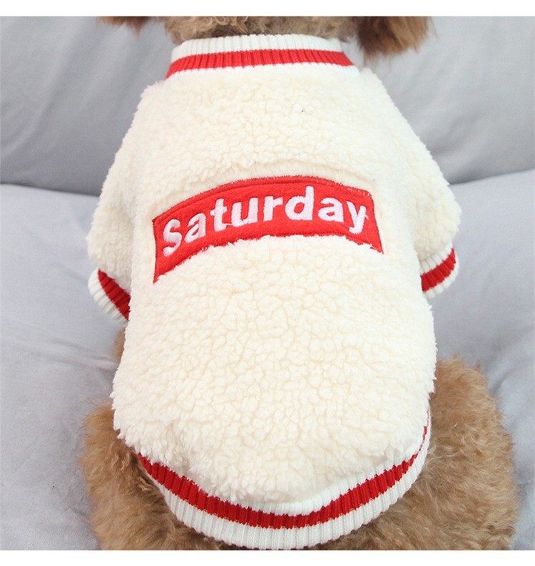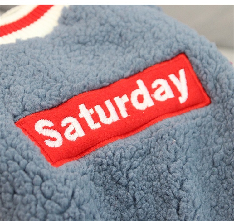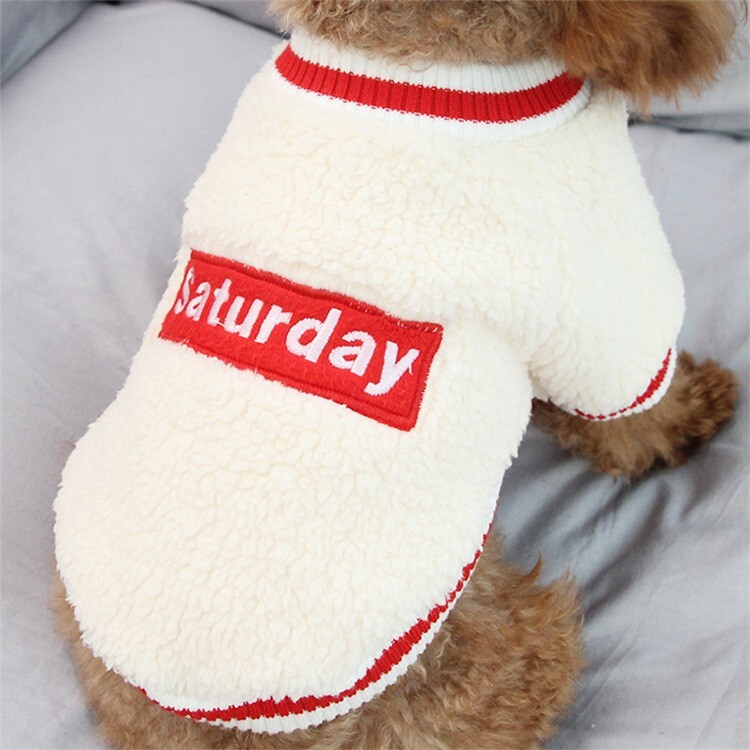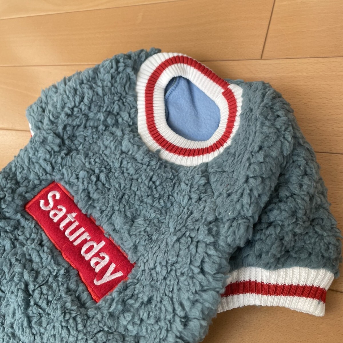 【あったか伸縮】Saturday刺繍 もこもこトレーナー 犬服 パグ・フレンチブルなど小型犬用 ペットウェア 冬服
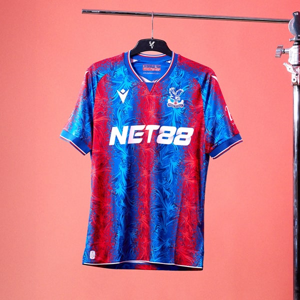 The Palace home shirt is made of a 50/50 red and blue split to celebrate the 10 year anniversary of their promotion to the Premier League. It also features a subtle sublimated silhouette of the original Crystal Palace, where the club was founded in 1861 and played from 1862. Nice touch.
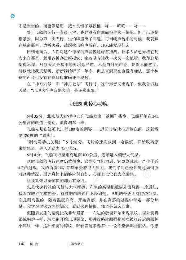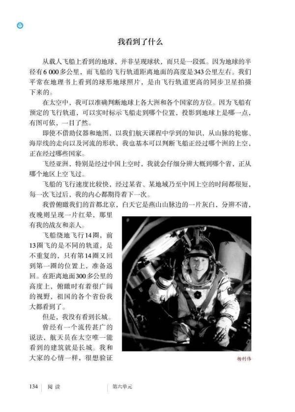 近日有网友发现,人教版七年级下册语文书中有篇课文名为《太空一日》,作者正是杨利伟。
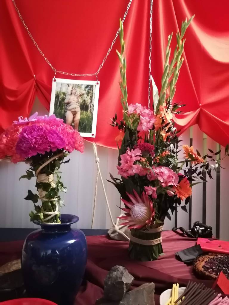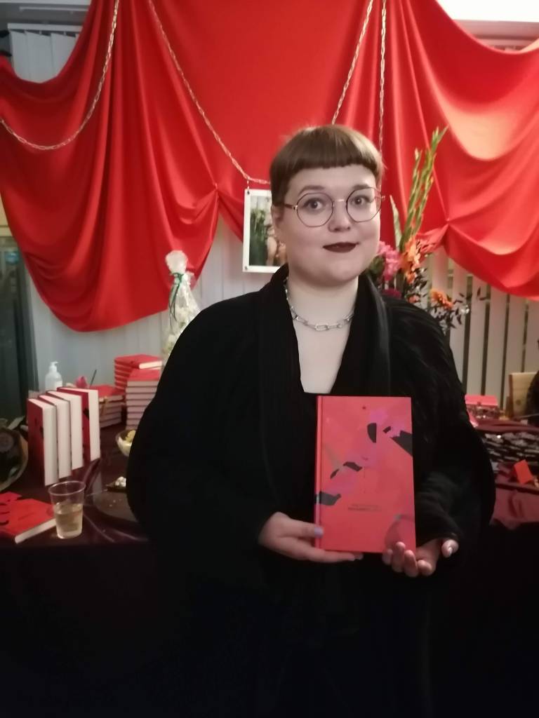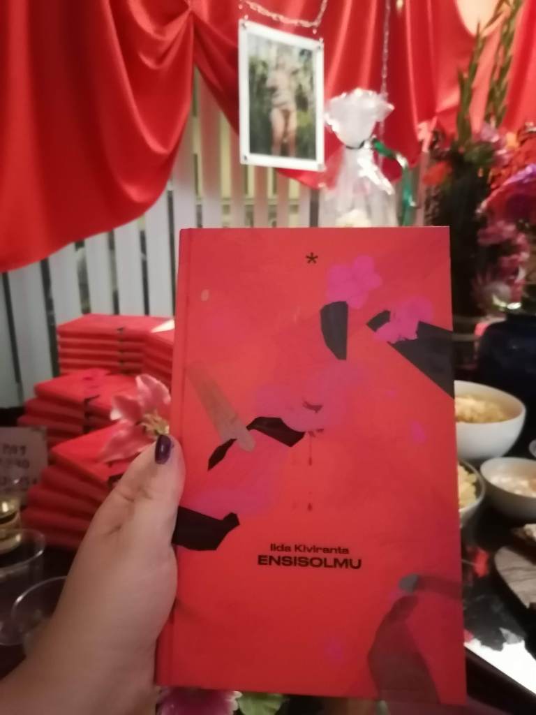 Olen tutustunut Iidaan Metropolian japaninkursseilla vuosina 2017–2019, ja yhteytemme on pysynyt. Opiskelimme kumpikin japanin kieltä ennen (eri aikaan) vaihtoon lähtemistä. Nykyään Iida on digitaalinen muotoilija, kirjoittaja ja sidontataiteilija. Sainkin myös kutsun Ensisolmun kirjanjulkkareihin syyskuun lopulla. Näin juhlissa ensimmäistä kertaa livenä kauniin sidontaesityksen ja pääsin juttelemaan sidonnasta useamman lajia harrastavan mukavan queer-ihmisen kanssa.

+ + + + + + +

■ AIM OF THE EXERCISE:
Lines from the start of the material through the line containing "近日有网友发现,人教版七年级" are to be restated word for word; no picture may be included.

■ WORKED SOLUTION:
 【あったか伸縮】Saturday刺繍 もこもこトレーナー 犬服 パグ・フレンチブルなど小型犬用 ペットウェア 冬服
 The Palace home shirt is made of a 50/50 red and blue split to celebrate the 10 year anniversary of their promotion to the Premier League. It also features a subtle sublimated silhouette of the original Crystal Palace, where the club was founded in 1861 and played from 1862. Nice touch.
 近日有网友发现,人教版七年级下册语文书中有篇课文名为《太空一日》,作者正是杨利伟。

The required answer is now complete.